After visual media emerged, audio theatre declined in popularity. The form, however, is now witnessing a revival through podcasts, spanning genres from comedy to horror. Here are some of my favourites:

Wooden Overcoats

Set in the tiny island of Piffling Vale in the English Channel and narrated by a house mouse, Wooden Overcoats recounts the tale of rival funeral homes and their proprietors. The show, which is wonderfully written, has amassed a cult following because of its wacky storylines, laugh-out-loud dialogue, and loveable characters. While each episode usually features a standalone story, the overarching story arc ensures that the characters grow and evolve from one season to the next. Wooden Overcoats is the rare audio drama with a fantastic re-listen value. Listen at


Season 1 of Limetown shot to the top of the US Tunes podcast chart within two months of its release and earned a place in nearly every single ‘best of 2015’ podcasts list. Narrated by fictional public radio journalist Lia Haddock, the podcast explores the disappearance of over 300 inhabitants from Limetown, a fictitious small town in Tennessee. The gripping storyline, rife with shocking twists and cliffhangers, makes this one of the most binge-worthy podcasts out there. Season 2 of the podcast, released in 2018, was not as well received as the first, but is still a worthy listen that provides more context to the investigation as well as the events of the first season. The popularity of the podcast has also spawned a prequel novel and a TV series on Facebook Watch. Listen at

Eos 10

Eos 10 tells, in their own words, the story of two maladjusted doctors in one space station. Along for the ride are a spunky nurse, a hypochondriac deposed prince who works in the food court kitchen and a very sassy AI operating system. The show depicts the adventures of this motley crew aboard the eponymous space station. With a stellar voice cast and excellent plotting, the podcast will fill the science fiction comedy void in your entertainment roster. Listen at

The Thrilling Adventure Hour

Created in the style of old-time radio broadcasts, The Thrilling Adventure Hour returned with new episodes in October 2018 after its initial 10-year run from 2005 to 2015. Each episode of the podcast’s first run featured recordings of live productions featuring an all-star cast of voices including Paget Brewster, Paul F Tompkins, Nathan Fillion, and Marc Evan Jackson. Current episodes are recorded exclusively in the studio.
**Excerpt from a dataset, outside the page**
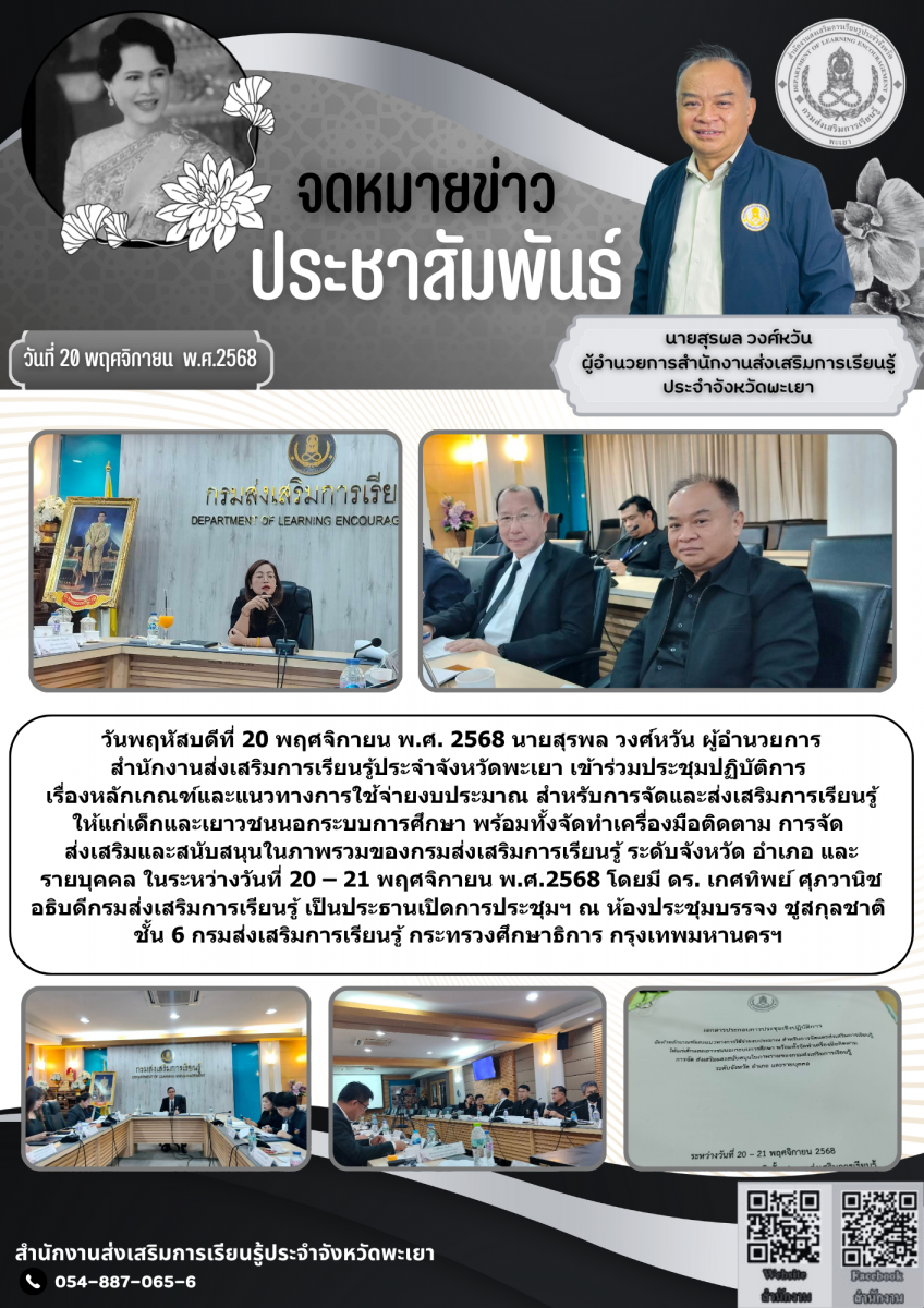 วันพฤหัสบดีที่ 20 พฤศจิกายน พ.ศ. 2568 นายสุรพล วงศ์หวัน ผู้อำนวยการสำนักงานส่งเสริมการเรียนรู้ประจำจังหวัดพะเยา เข้าร่วมประชุมปฏิบัติการ เรื่องหลักเกณฑ์และแนวทางการใช้จ่ายงบประมาณ สำหรับการจัดและส่งเสริมการเรียนรู้ให้แก่เด็กและเยาวชนนอกระบบการศึกษา พร้อมทั้งจัดทำเครื่องมือติดตาม การจัด ส่งเสริมและสนับสนุนในภาพรวมของกรมส่งเสริมการเรียนรู้ ระดับจังหวัด อำเภอ และรายบุคคล ในระหว่างวันที่ 20 – 21 พฤศจิกายน พ.ศ.2568 โดยมี ดร. เกศทิพย์ ศุภวานิช อธิบดีกรมส่งเสริมการเรียนรู้ เป็นประธานเปิดการประชุมฯ ณ ห้องประชุมบรรจง ชูสกุลชาติ ชั้น 6 กรมส่งเสริมการเรียนรู้ กระทรวงศึกษาธิการ กรุงเทพมหานครฯ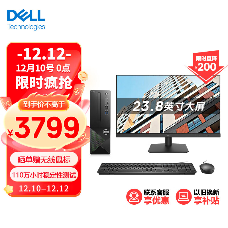 戴尔(Dell)成就3020 台式电脑主机 高性能整机 (13代i5-13400 16G 512GSSD三年上门)23.8英寸大屏显示器价格:3799.00元!

The podcast has numerous sub-sections. Each segment features a repeating cast of characters. So, for instance, the ‘Beyond Belief’ segment depicts the adventures of a dipsomaniac married couple with an affinity for the paranormal while the ‘Sparks Nevada, Marshal on Mars’ is a space western. There are several other segments — each with their cast of wacky characters and irrepressible hijinks. The Thrilling Adventure Hour is fun for all ages and perfect listening for a long road trip. Listen at

The Truth

If you would prefer to listen to standalone stories or like something more contemporary, The Truth might be right up your alley. Most episodes are less than half an hour long and feature short plays from a wide variety of genres including science fiction, horror, romance and comedy. The show is wonderfully produced, and writer and producer Jonathan Mitchell has been critically acclaimed for the inventive storytelling in the podcast. With rich atmospheric music and intriguing storylines, The Truth does indeed live up to its stated purpose of making movies for your ears. Listen at

The Magnus Archives

Horror podcasts are fantastic for recounting tales of the eerie and unnatural — both because listening to these tales allows your imagination to conjure up spectres that are often more unnerving than any special effects creation and perhaps also because it brings back fond childhood memories of swapping scary stories.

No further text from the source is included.